In the end, we had 164 expressions of confidence, frustration, fear or pessimism to categorize. We weighted each ‘fully positive’ or ‘fully negative’ response at 100% and each ‘slightly’ comment at 50%, then calculated the average. That methodology means that every single company responding ‘fully positive’ would produce a score of 1 while 50 ‘slightly negative’ responses would result in a -0.5 score. A perfectly evenly distributed set of responses ends up with score of zero.
Here’s how the numbers broke down, accompanied by more executives’ quotes for representative context:
Inflation: -0.42
“Cost inflation just remains stubbornly high. We're obviously offsetting that with price and operating efficiencies or some of it,” Vulcan Materials Co. Chairman, President and CEO Thomas Hill said. “The parts and service costs are and will probably stay high. I would think that will be for sure in the fourth quarter, and I would expect it into 2023.”
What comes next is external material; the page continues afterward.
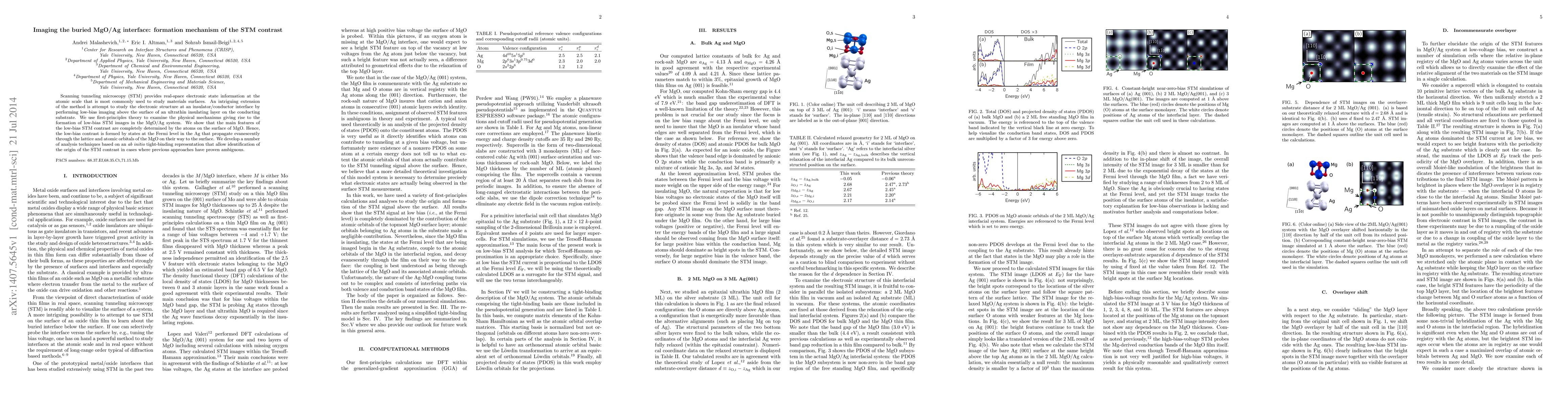 This paper uses first-principles theory to investigate the mechanisms behind the formation of low-bias STM contrast at the buried MgO/Ag interface, revealing that surface atoms of MgO and evanescently propagating Ag states determine the contrast. The study introduces ab initio tight-binding techniques to clarify the origin of STM contrast.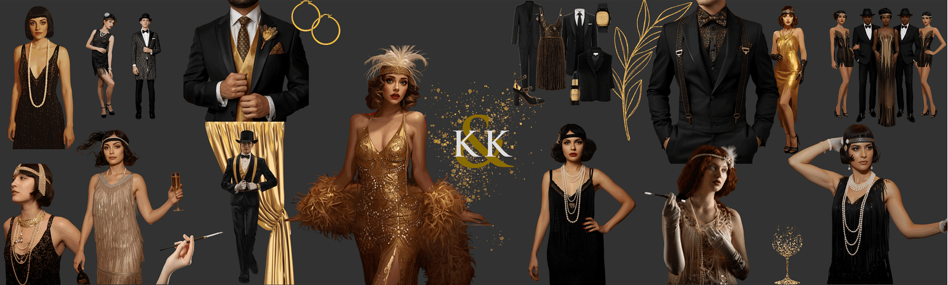Wählen Sie ein Outfit im Stil der Goldenen Zwanziger – ob mit Fransen, Perlen, Federn oder Hosenträgern, oder setzen Sie auf elegante Abendgarderobe wie Cocktailkleider, stilvolle Anzüge oder schicke Kombinationen, um perfekt zum Thema zu passen.

Another reason inflation looks to remain sticky is that many executive teams facing ongoing input cost pressures are confident they can pass along more price increases late this year and early next. As Ward Nye, Hill’s peer at Martin Marietta Materials Inc., summed up: “If past is prologue—and we believe that it is—inflation supports a constructive pricing environment for upstream materials, the benefits of which endure long after inflationary pressures abate.”
Labor: -0.14
To say there’s resignation about the longer-term dynamics of the labor market would be too strong. It might be more apt to label many executive teams’ attitudes toward workforce questions as one of acceptance: The strains we face today look to be structural and thus call for a response with a lengthy time horizon.
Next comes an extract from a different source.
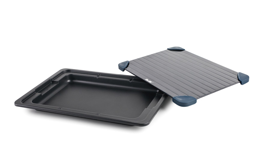 Placa para descongelar alimentos fabricada en aluminio recubierto y apoyos en silicona 100%. Reduce el tiempo de descongelado a más de la mitad en todo tipo de alimentos. Únicamente hay que sacar el alimento del congelador y ponerlo en la placa. Se trata de alimentos que puedan apoyarse en gran medida en la propia bandeja de descongelación, puesto que es el propio contacto con la bandeja lo que permite una descongelación más rápida. Es decir, todo tipo de filetes o tacos de carne , pescado o verdura , y otros alimentos ya cocinados y posteriormente congelados. La bandeja inferior permite recoger el liquido que pueda generarse en el proceso de congelación. No necesita electricidad, ni Baterías. Apto para lavavajillas.

“We continue to invest heavily in automating our manufacturing facilities. We think that's the right long-term play,” Builders FirstSource Inc. President and CEO Dave Flitman told analysts. “We think labor is going to be constrained in this industry—and particularly skilled labor, which we need in our manufacturing facilities—for a long time to come.”
Supply chains: -0.17
“Portions of the supply chain, I would say, are pretty much back to normal,” said D.G. Macpherson, chairman and CEO of distribution giant W.W. Grainger Inc. “A year ago, we had labor challenges and all kinds of challenges. Those have pretty much gone away in terms of our own supply chain. And then the outbound transportation is also pretty strong at this point and less of a problem.”
Still, as the tight labor market spurs investments in technology such as those at Builders FirstSource, so Deere & Co. has been investing in machinery capacity for some of its suppliers. The problems of this quarter won’t be gone in a few months and they require greater commitment and involvement.
Demand: +0.29
Sustaining the optimism of many are longer-term tailwinds such as the passage of the Inflation Reduction Act and the infrastructure spending it will catalyze. Martin Marietta executives said they expect “a step change in the public-sector investment” next year will help drive their business “for years to come.” Also in play is the big shift toward near- and reshoring manufacturing capacity.
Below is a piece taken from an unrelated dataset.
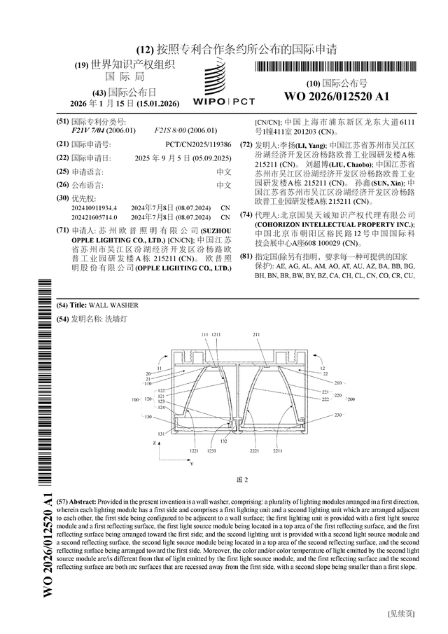 证券之星消息,根据企查查数据显示欧普照明(603515)公布了一项国际专利申请,专利名为“洗墙灯”,专利申请号为PCT/CN2025/119386,国际公布日为2026年1月15日。

“The demand drivers today in several markets are not that GDP-sensitive,” O-I Glass Inc. CEO Andres Lopez told analysts on his team’s call. “And let me give you one example: localization of global brands, which is happening across markets. That's not sensitive to GDP.”
As many observers have noted, investments in a shorter supply chain and new production centers also are not going to help bring down inflation. The days of “transitory” talk have long passed us by.